One day, in a waiting room, I picked up a magazine called The Sign, and read an ad for the Dominican Mission Sisters (Chicago).  I decided to write them, and when I got a letter of acceptance, I was overjoyed.  This community, founded in 1955 by the Dominican friar Jordan Aumann, O.P., was different from more “traditional” ones—it accepted older women, teachers, nurses, those with various professions, and had missions in Latin America. In these years before Vatican II, it was in some ways ahead of its time; perhaps because of this, the community (and Father Aumann) drew the disfavor of Cardinal Cody after his 1965 appointment as Archbishop of Chicago. He disbanded the community, telling the sisters to choose to enter other communities or leave religious life. My thought was—dear Lord, here I go again!  
 
In 1966, two of us transferred to the Kenosha Dominican Sisters. But again, a new path lay ahead, because in 1994 a Kenosha Chapter presented all of us with various options for the future.  Many decided to remain, but a few of us decided to explore other options, including  Vicki Lauria, Mary Jane Quinn, Judy Parent, and myself.  We learned about the Sinsinawa Dominicans, and our exploration led to a warm welcome from Sister Jean McSweeney, Prioress, and her Council.  My journey, after many unexpected turns in “the road,” has brought me home!


Elizabeth Dunn, OP

What helped you discern your call to religious life?

The Dominican Sisters of Sinsinawa were my teachers in grade school and high school in Madison, Wisconsin. The Sisters who taught me witnessed faithfulness to the mission, compassion for their students, and commitment to building community in and out of the classroom. They shared a spirit of joy that was “catchy” and, as a young person both in grade school and high school, I wanted to be like them and share in their life.

My discernment to “the call” to religious life was the desire to follow in the lifestyle of the sisters who taught me, when I decided to enter their congregation, they were there to support me.

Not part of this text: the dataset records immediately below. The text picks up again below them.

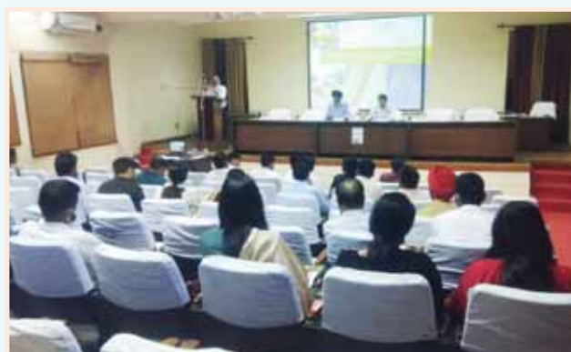
Meeting with Horticulture Department, Haryana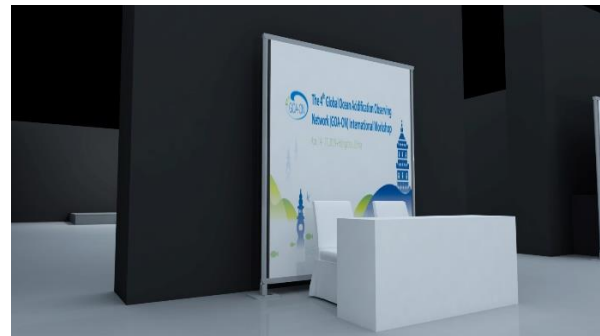
Figure 1 Illustration of a standard booth (2 m×2.2 m, a draped table and two chairs)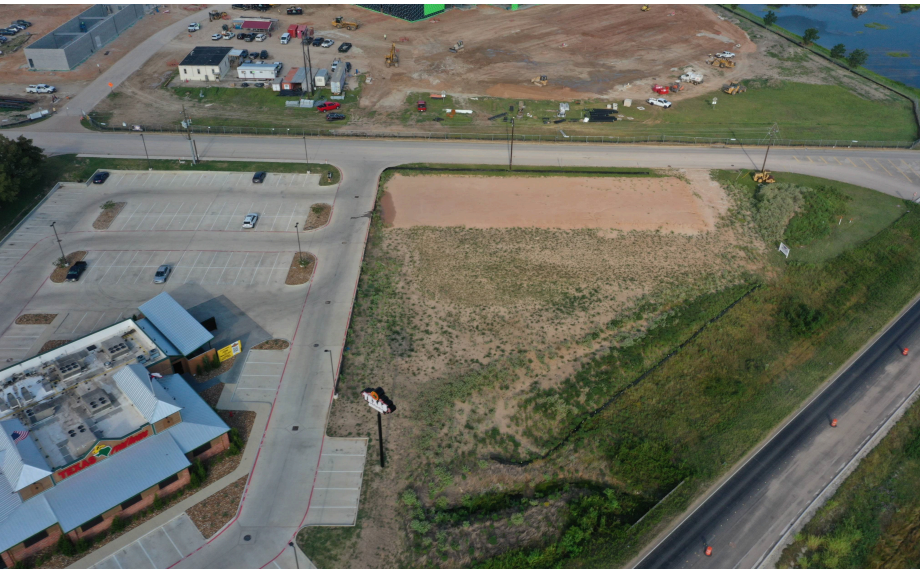
Facing North Along I-45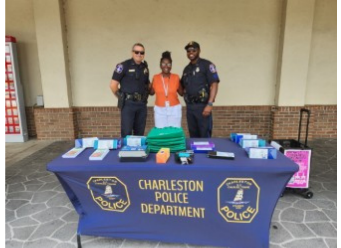
West Ashley Piggly Wiggly CPD and Charleston Center Narcan Distribution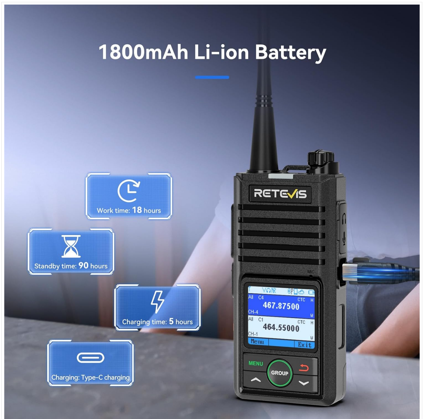
Figure 4.1: Battery Performance and Charging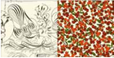
Cut 24 Segments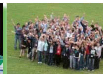
Workplace Reps, Active Members, Branch Executive, Councillors, and ASU staff

As 2008 drew to a close and Governments, industries and communities considered the potential impact of global economic uncertainty and climate change, ASU members considered the environmental, social and economic challenges we face as South Australians.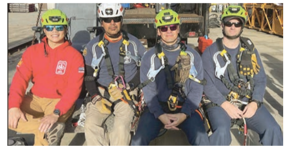
Geared up for TROT training, Technical Rescue Operations Team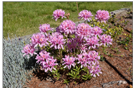
Orchid Lights Azalea in bloom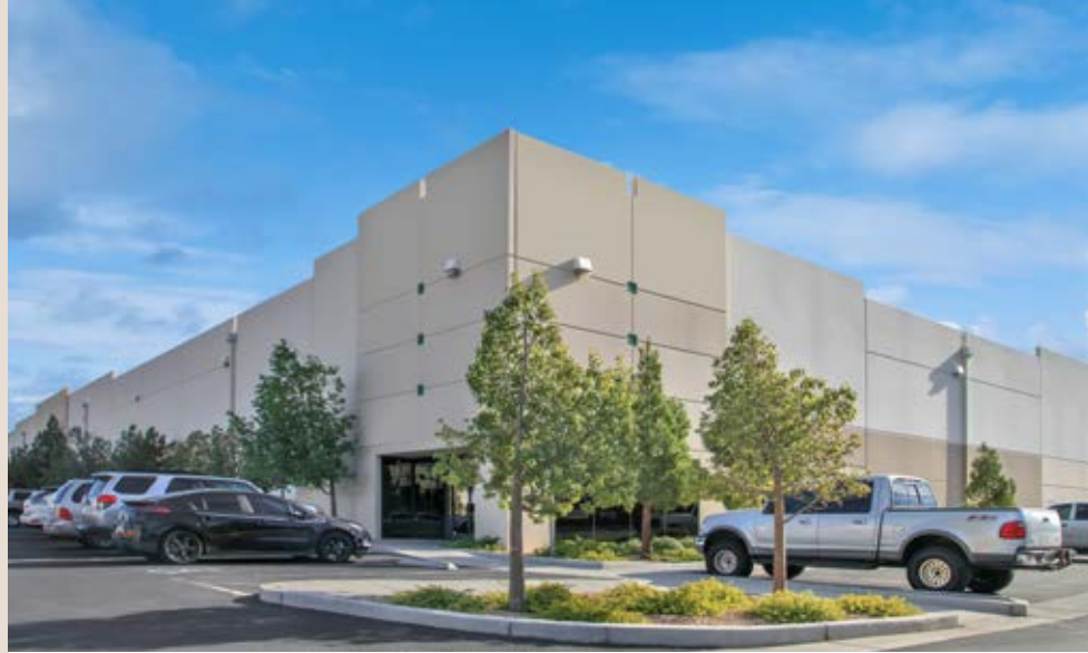
3655 W. Sunset Road, Suite D, Las Vegas, Nevada 89118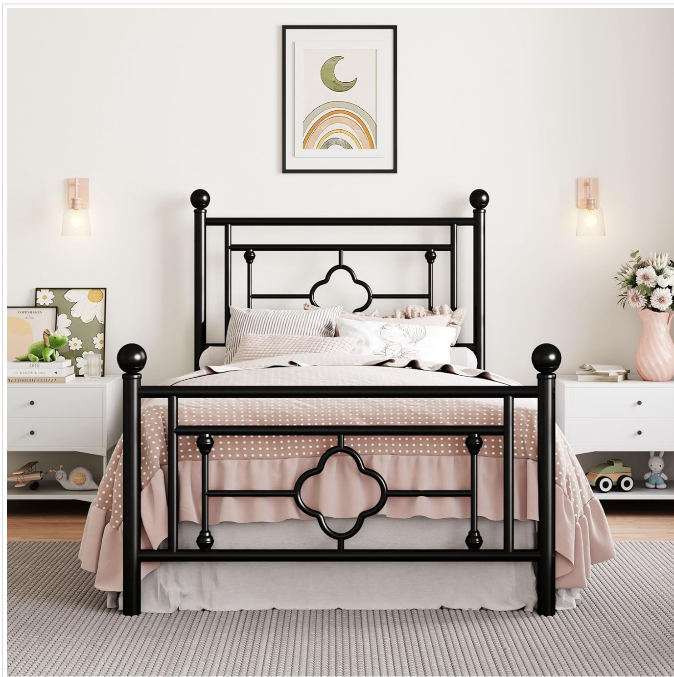
Figure 1: Fully assembled SHA CERLIN Twin Size Metal Platform Bed Frame in black, showcasing its vintage iron-art headboard and footboard design.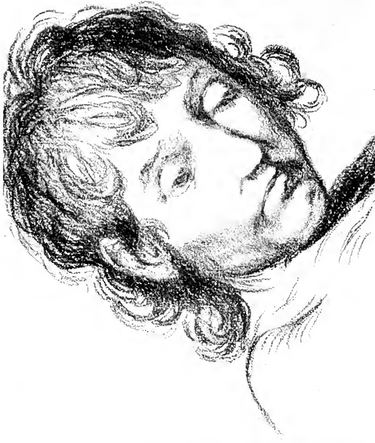
Drawing by TINTORETTO

"The head of a Venetian boy, such as Tintoretto met daily among the fisher-folk of Venice."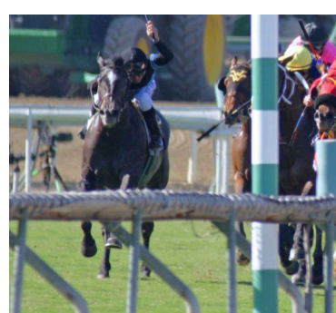
Mizdirection's scintillating stretch drive wins the BC Turf Sprint against the boys.

The ZTR colt's 2nd dam sire is Nureyev , himself the sire of 3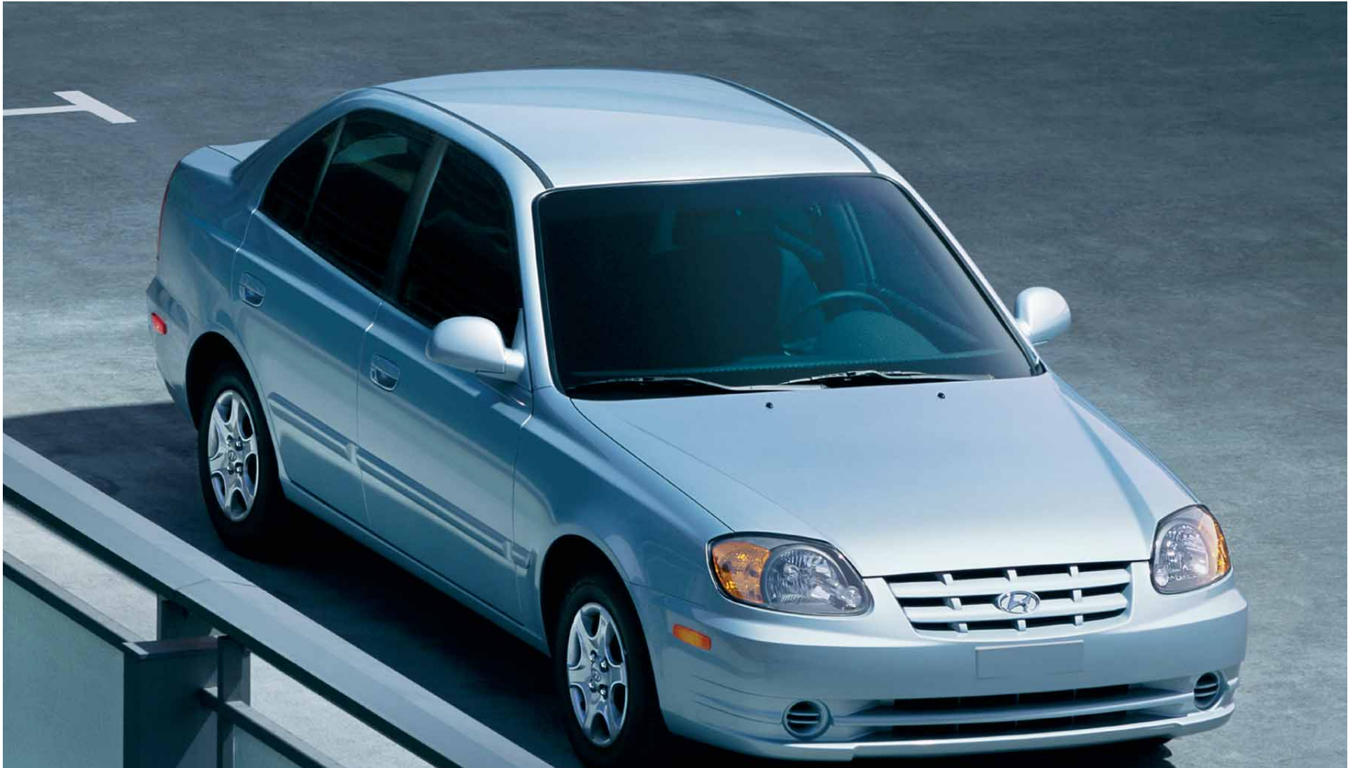
GLS 4-DOOR IN GLACIER BLUE

■ YOU'RE AS GOOD AS THERE. The Accent gets you where you want to go in more ways than one — with style, comfort and money left over to do the things you want. Want a 3-door? 4-door? No problem. The GLS and GT models deliver, along with advanced engineering, numerous standard features and worry-free ownership the competition can only dream about. Now that sounds pretty good.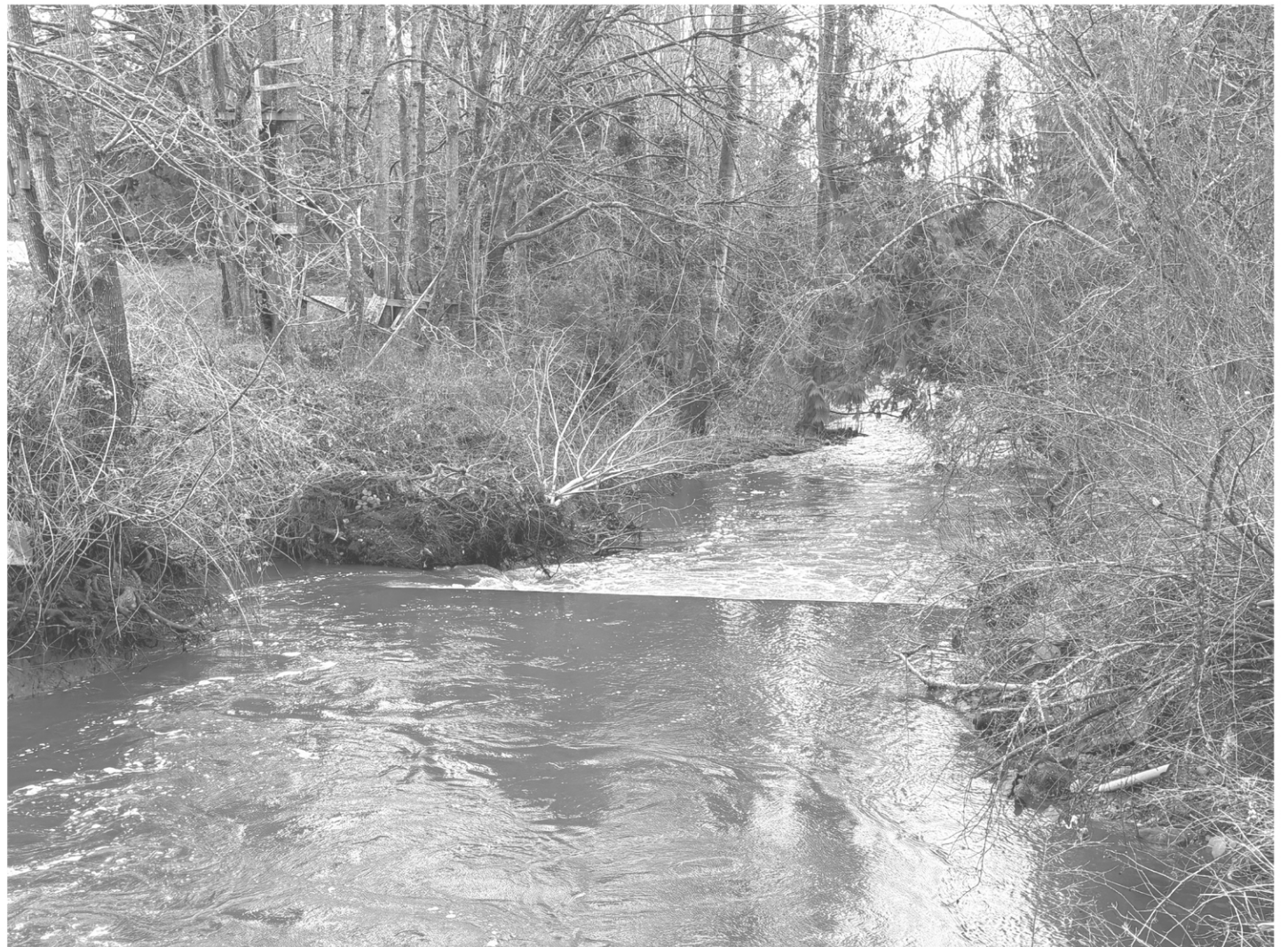
Photographed from upstream, water in Squalicum Creek flows over the weir.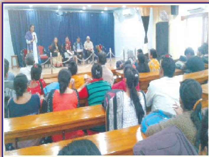
Academic Counselling Session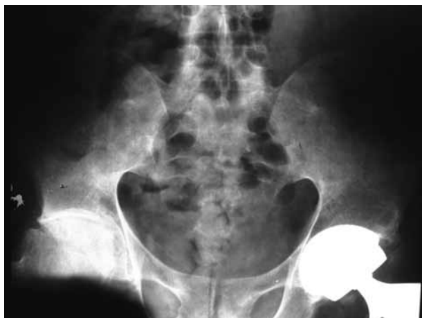
FIG. 1. — Pelvic x-ray showing bilateral grade 4 sacroileitis and hip involvement on right side and total hip arthroplasty in the effect side.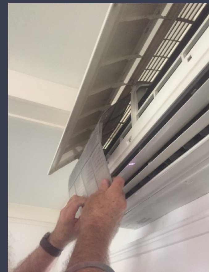
Remove filters by sliding them out.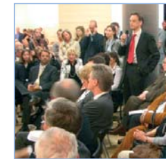
Dialogue with Civil Society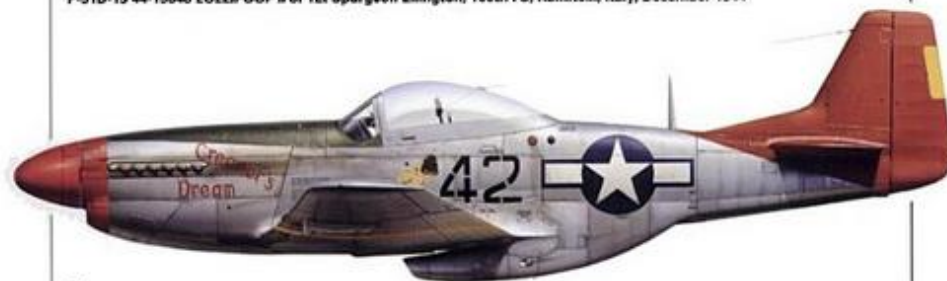
24 P-51D (serial unknown) Cremer's Dream of 1Lt Charles White, 301st FS, Ramitelli, Italy, January 1945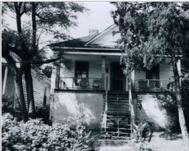
414 East 8th Street, Charlotte

I entered the Sinsinawa Dominican congregation after high school, the first year and those many years that followed have been pure gift.  My call to the life as a Dominican Sister of Sinsinawa for 56 years is nothing short of a miracle !

What drew you to the congregation?

Stories about the wonderful Sinsinawa Dominican Sisters from my grandmother’s family, my dad’s family and my siblings who all attended Catholic schools in Madison, Wisconsin that were staffed by the Dominican Sisters of Sinsinawa. My grandmother’s sisters attended Sacred Heart Academy (now Edgewood High School) so you can see how far back the Dominicans have influenced me and my family.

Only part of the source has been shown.